Segment Start: RECORDED INFORMATION

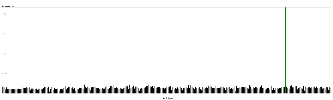 At the top of the view, the position of the antigen (identified by the corresponding HPA identifier) is shown as a green bar. A yellow triangle on the bar indicates a <100% sequence identity to the protein target.
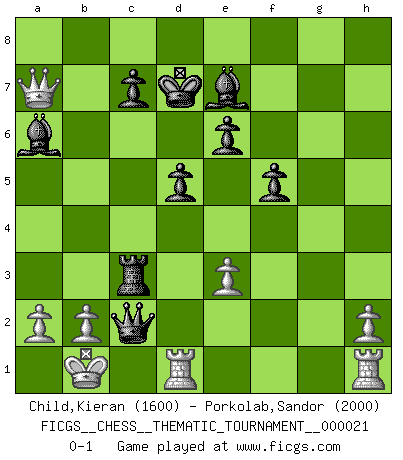 Last move : 0-1 2007 April 13 22:57:0 [Event "FICGS__CHESS__THEMATIC_TOURNAMENT__000021"] [Site "FICGS"] [Date "2007.01.10"] [Round "1"] [White "Child,Kieran"] [Black "Porkolab,Sandor"] [Result "0-1"] [WhiteElo "1600"] [BlackElo "2000"] 1.Nf3 d5 2.e4 dxe4 3.Ng5 e6 4.Nxe4 Nf6 5.Nbc3 Nc6 6.Bb5 Nxe4 7.Nxe4 Qd5 8.Qe2 f5 9.Qh5+ Kd7 10.Qf7+ Be7 11.Bxc6+ bxc6 12.Ng3 Ba6 13.d4 Raf8 14.Qxg7 Rhg8 15.Qxh7 Qxg2 16.d5 cxd5 17.Be3 Rh8 18.Qg7 Rfg8 19.Qd4 Rh4 20.Qxa7 Rxg3 21.O-O-O Rxe3 22.fxe3 Rc4 23.c3 Rxc3+ 24.Kb1 Qc2+ 0-1 Tennison (Lemberg, Zukertort) gambit Queenside Castling by player White (move 21) Player Black won this chess game. Follow this game move after move (download)Let the perfectionist play postal. (Yasser Seirawan) Der Freibauer hat für mich eine Seele, genau wie der Mensch, Wünsche, die unerkannt in ihm schlummern, und Befürchtungen, von deren Existenz er selbst kaum ahnt. (Aaron Nimzowitsch) El jugador táctico debe saber que hacer cuando algo se debe de hacer. El estratégico debe saber que hacer cuando nada se debe de hacer. (Savielly Tartakover) Une platitude souvent récitée à propos des Echecs est qu'une des choses les plus difficiles à réaliser est de gagner une position gagnante. Cela ne manque pas de sens mais, pour ma part, j'ai toujours trouvé plus difficile de gagner une position perdante. (Tim Krabbe) Remember : Your focus determines your reality. (Qui-Gon Jinn in Star Wars ep.1)
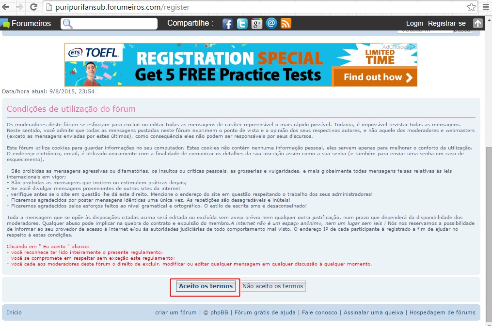 Aceite os termos do fórum
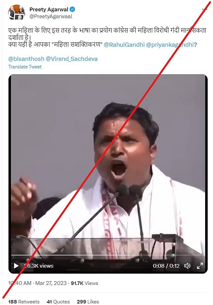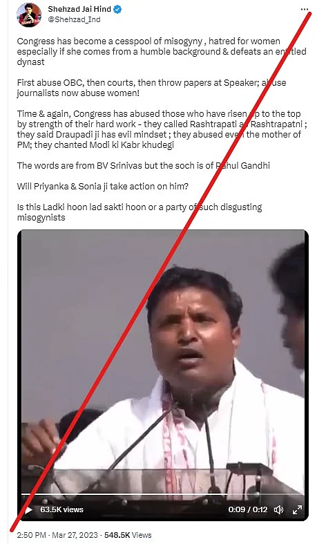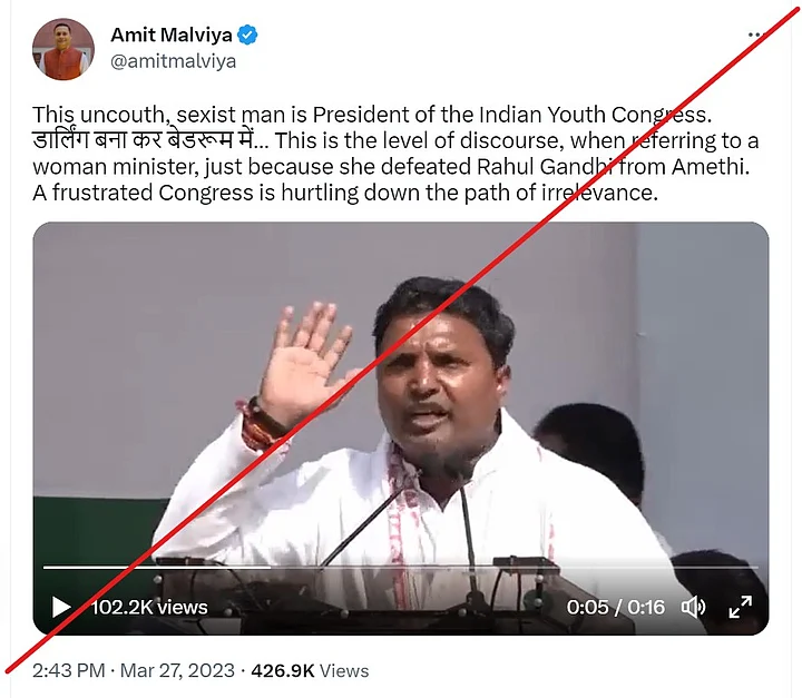 A video showing the National President of the Indian Youth Congress (IYC) Srinivas BV speaking about a 'witch' is being shared with a claim that he made this remark towards Union Minister Smriti Irani.
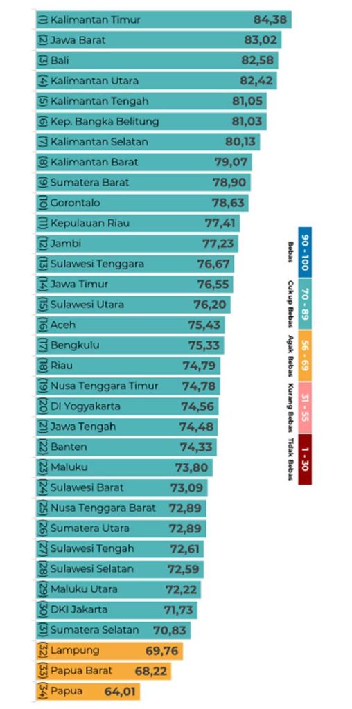 Survei IKP 2023 mencatat Kalimantan Timur dengan nilai tertinggi, yaitu 84,38. Berikutnya Jawa Barat (83,02), Bali (82,58), Kalimantan Utara (982,42), dan Kalimantan Tengah (81,05).
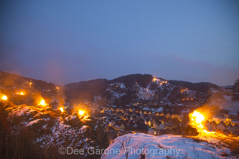 Children dressed up as old men and go from house to house collecting candy, we drank beer and froze our butts off standing on the top of a mountain. The tradition seems to have started because it was the end of the Christmas season, the christmas trees would be chopped up and a community would burn all of the wood. Pottenstein puts on a huge show out of it now-a-days and lights piles of wood all over the two mountains surrounding the valley city.
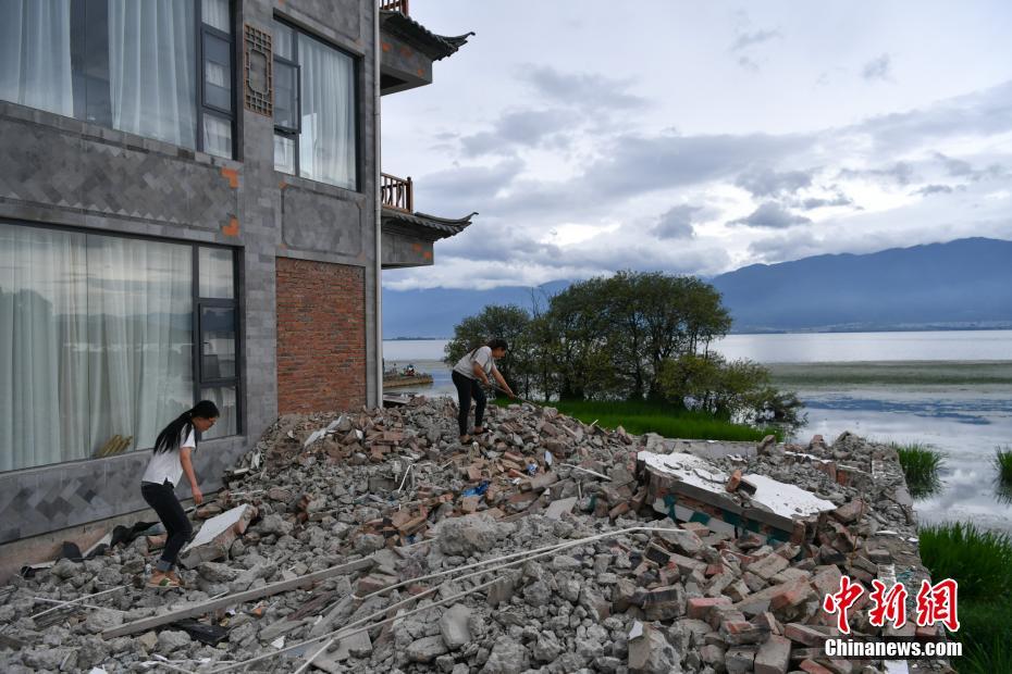 6月28日,大理洱海边一海景客栈正被拆除。当日,云南省大理市环洱海周边的大部分客栈、餐馆仍然关停,部分处在洱海流域水生态保护区核心区内的客栈、餐馆已经自行拆除。2017年,大理州开启了洱海保护治理“七大行动”,划定了洱海流域水生态保护核心区,开展违章建筑整治等多项举措。中新社记者 任东 摄
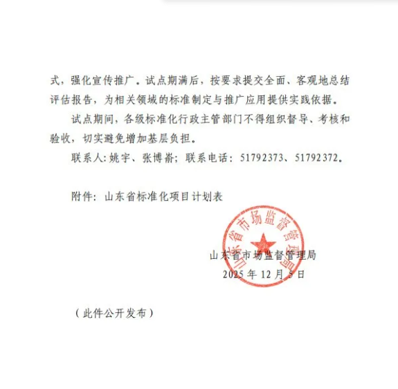 为贯彻《国家标准化发展纲要》,落实《山东省人民政府关于贯彻<国家标准化发展纲要>推进标准化创新发展的实施意见》(鲁政发〔2022]6号)部署,经各市市场监管局和省有关部门推荐、材料审查、专家
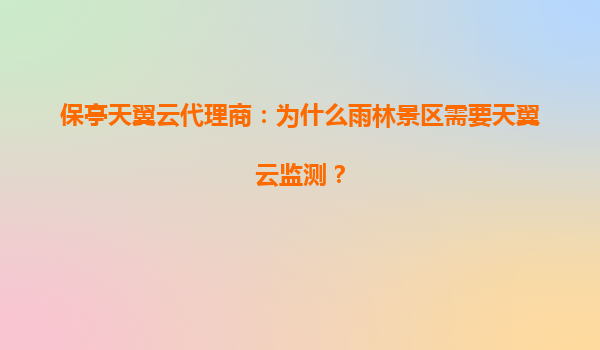 2025-08-04保亭天翼云代理商:为什么雨林景区需要天翼云监测? 一、雨林景区的生态保护与数字化需求 雨林景区作为重要的生态资源,其保护和管理面临诸多挑战,如气候监测、生物多样性保护、游客流量管理等。传统的监...
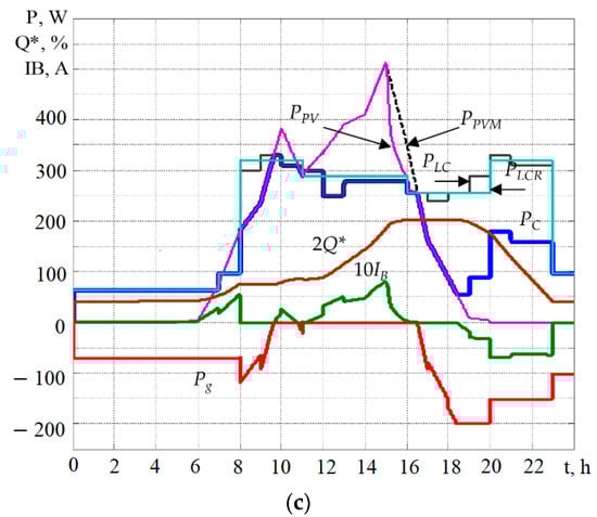 Figure 7. Oscillograms PLC, PLCR, PC, PPVM, PPV, , IB, and Pg for the May day with a generation corresponding to the monthly average ( and IB values are shown at scale 2 and 10, respectively): (a) PLC = PLCR, PPVR = 1 kW, WB = 968 Wh, and at limit values ρ = 1.95 with kE = 2.618; (b) PLC = PLCR, PPVR = 0.86 kW, WB = 800 Wh, and at limit values p = 1.8 with kE = 2.356; (c) PLC ≠ PLCR, PPVR = 0.86 kW, WB = 800 Wh, and p = 1.6 with kE = 2.795. - In Figure 7b for the May day with the generation, corresponding to the average monthly values at PLC = PLCR, PPVR = 0.86 kW, WB = 800 Wh, and at limit values p = 1.8 with kE = 2.356;
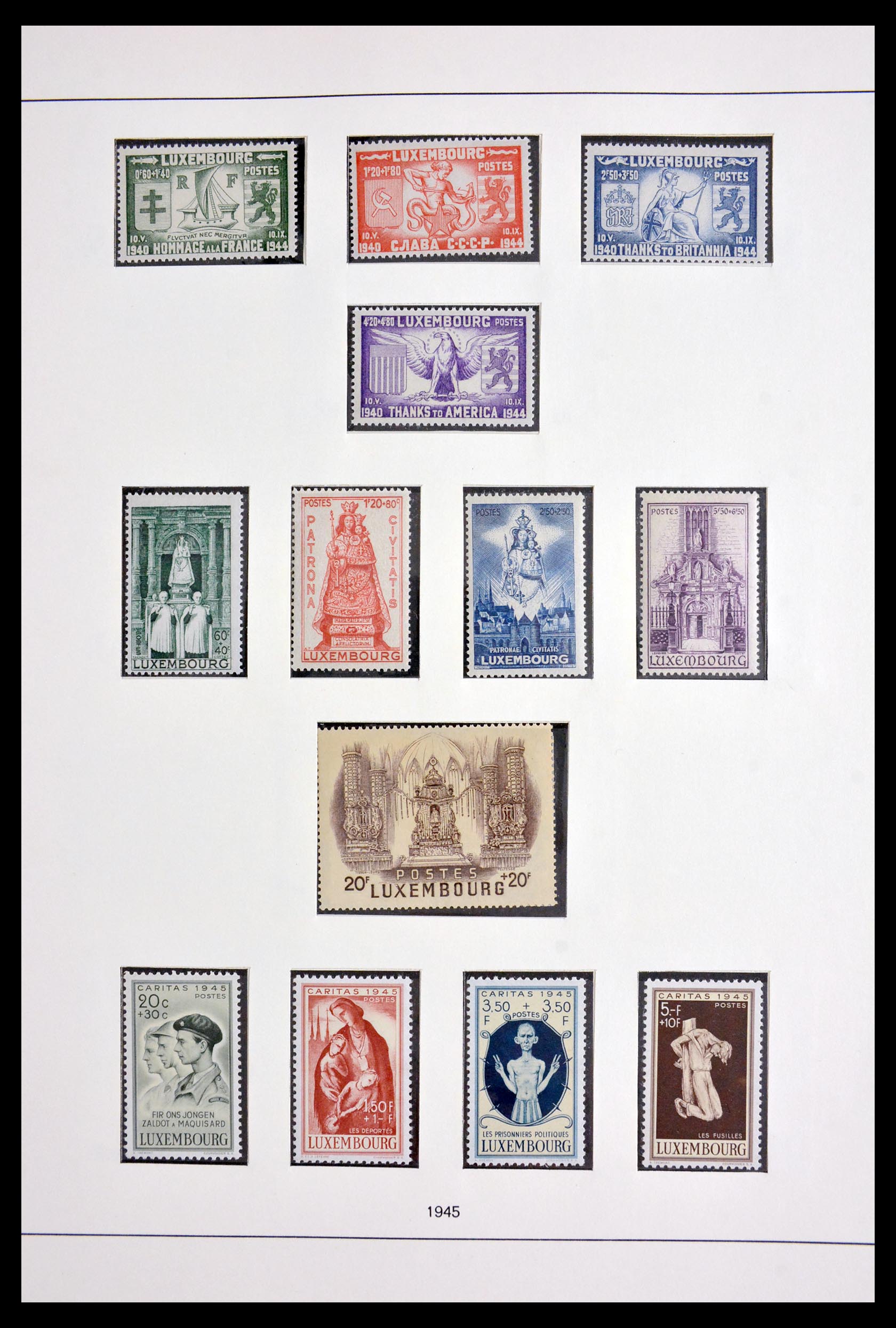 Vrijwel complete, geheel postfrisse postzegelverzameling Luxemburg 1945-2017 inclusief alle dure series en blokken in 4 luxe Safe albums. Ook diverse gestempelde doubletten aanwezig.
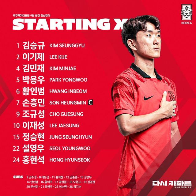대표팀은 이날 4-4-2 포메이션을 꺼내들었다. 김승규가 골문을 지켰고 이기제, 김민재, 정승현, 설영우가 수비를 맡았다. 황인범, 박용우, 이재성, 홍현석이 중원을 구성했으며 손흥민과 조규성이 최전방 투톱으로 호흡을 맞췄다. 황희찬과 황의조, 오현규, 양현준 등은 벤치에서 대기했다.

Segment End: RECORDED INFORMATION

- DIRECTIONS:
Transcribe each record above exactly, leaving every picture out of the copy.

- EXERCISE SOLUTION:
 At the top of the view, the position of the antigen (identified by the corresponding HPA identifier) is shown as a green bar. A yellow triangle on the bar indicates a <100% sequence identity to the protein target.
 Last move : 0-1 2007 April 13 22:57:0 [Event "FICGS__CHESS__THEMATIC_TOURNAMENT__000021"] [Site "FICGS"] [Date "2007.01.10"] [Round "1"] [White "Child,Kieran"] [Black "Porkolab,Sandor"] [Result "0-1"] [WhiteElo "1600"] [BlackElo "2000"] 1.Nf3 d5 2.e4 dxe4 3.Ng5 e6 4.Nxe4 Nf6 5.Nbc3 Nc6 6.Bb5 Nxe4 7.Nxe4 Qd5 8.Qe2 f5 9.Qh5+ Kd7 10.Qf7+ Be7 11.Bxc6+ bxc6 12.Ng3 Ba6 13.d4 Raf8 14.Qxg7 Rhg8 15.Qxh7 Qxg2 16.d5 cxd5 17.Be3 Rh8 18.Qg7 Rfg8 19.Qd4 Rh4 20.Qxa7 Rxg3 21.O-O-O Rxe3 22.fxe3 Rc4 23.c3 Rxc3+ 24.Kb1 Qc2+ 0-1 Tennison (Lemberg, Zukertort) gambit Queenside Castling by player White (move 21) Player Black won this chess game. Follow this game move after move (download)Let the perfectionist play postal. (Yasser Seirawan) Der Freibauer hat für mich eine Seele, genau wie der Mensch, Wünsche, die unerkannt in ihm schlummern, und Befürchtungen, von deren Existenz er selbst kaum ahnt. (Aaron Nimzowitsch) El jugador táctico debe saber que hacer cuando algo se debe de hacer. El estratégico debe saber que hacer cuando nada se debe de hacer. (Savielly Tartakover) Une platitude souvent récitée à propos des Echecs est qu'une des choses les plus difficiles à réaliser est de gagner une position gagnante. Cela ne manque pas de sens mais, pour ma part, j'ai toujours trouvé plus difficile de gagner une position perdante. (Tim Krabbe) Remember : Your focus determines your reality. (Qui-Gon Jinn in Star Wars ep.1)
 Aceite os termos do fórum
 A video showing the National President of the Indian Youth Congress (IYC) Srinivas BV speaking about a 'witch' is being shared with a claim that he made this remark towards Union Minister Smriti Irani.
 Survei IKP 2023 mencatat Kalimantan Timur dengan nilai tertinggi, yaitu 84,38. Berikutnya Jawa Barat (83,02), Bali (82,58), Kalimantan Utara (982,42), dan Kalimantan Tengah (81,05).
 Children dressed up as old men and go from house to house collecting candy, we drank beer and froze our butts off standing on the top of a mountain. The tradition seems to have started because it was the end of the Christmas season, the christmas trees would be chopped up and a community would burn all of the wood. Pottenstein puts on a huge show out of it now-a-days and lights piles of wood all over the two mountains surrounding the valley city.
 6月28日,大理洱海边一海景客栈正被拆除。当日,云南省大理市环洱海周边的大部分客栈、餐馆仍然关停,部分处在洱海流域水生态保护区核心区内的客栈、餐馆已经自行拆除。2017年,大理州开启了洱海保护治理“七大行动”,划定了洱海流域水生态保护核心区,开展违章建筑整治等多项举措。中新社记者 任东 摄
 为贯彻《国家标准化发展纲要》,落实《山东省人民政府关于贯彻<国家标准化发展纲要>推进标准化创新发展的实施意见》(鲁政发〔2022]6号)部署,经各市市场监管局和省有关部门推荐、材料审查、专家
 2025-08-04保亭天翼云代理商:为什么雨林景区需要天翼云监测? 一、雨林景区的生态保护与数字化需求 雨林景区作为重要的生态资源,其保护和管理面临诸多挑战,如气候监测、生物多样性保护、游客流量管理等。传统的监...
 Figure 7. Oscillograms PLC, PLCR, PC, PPVM, PPV, , IB, and Pg for the May day with a generation corresponding to the monthly average ( and IB values are shown at scale 2 and 10, respectively): (a) PLC = PLCR, PPVR = 1 kW, WB = 968 Wh, and at limit values ρ = 1.95 with kE = 2.618; (b) PLC = PLCR, PPVR = 0.86 kW, WB = 800 Wh, and at limit values p = 1.8 with kE = 2.356; (c) PLC ≠ PLCR, PPVR = 0.86 kW, WB = 800 Wh, and p = 1.6 with kE = 2.795. - In Figure 7b for the May day with the generation, corresponding to the average monthly values at PLC = PLCR, PPVR = 0.86 kW, WB = 800 Wh, and at limit values p = 1.8 with kE = 2.356;
 Vrijwel complete, geheel postfrisse postzegelverzameling Luxemburg 1945-2017 inclusief alle dure series en blokken in 4 luxe Safe albums. Ook diverse gestempelde doubletten aanwezig.
대표팀은 이날 4-4-2 포메이션을 꺼내들었다. 김승규가 골문을 지켰고 이기제, 김민재, 정승현, 설영우가 수비를 맡았다. 황인범, 박용우, 이재성, 홍현석이 중원을 구성했으며 손흥민과 조규성이 최전방 투톱으로 호흡을 맞췄다. 황희찬과 황의조, 오현규, 양현준 등은 벤치에서 대기했다.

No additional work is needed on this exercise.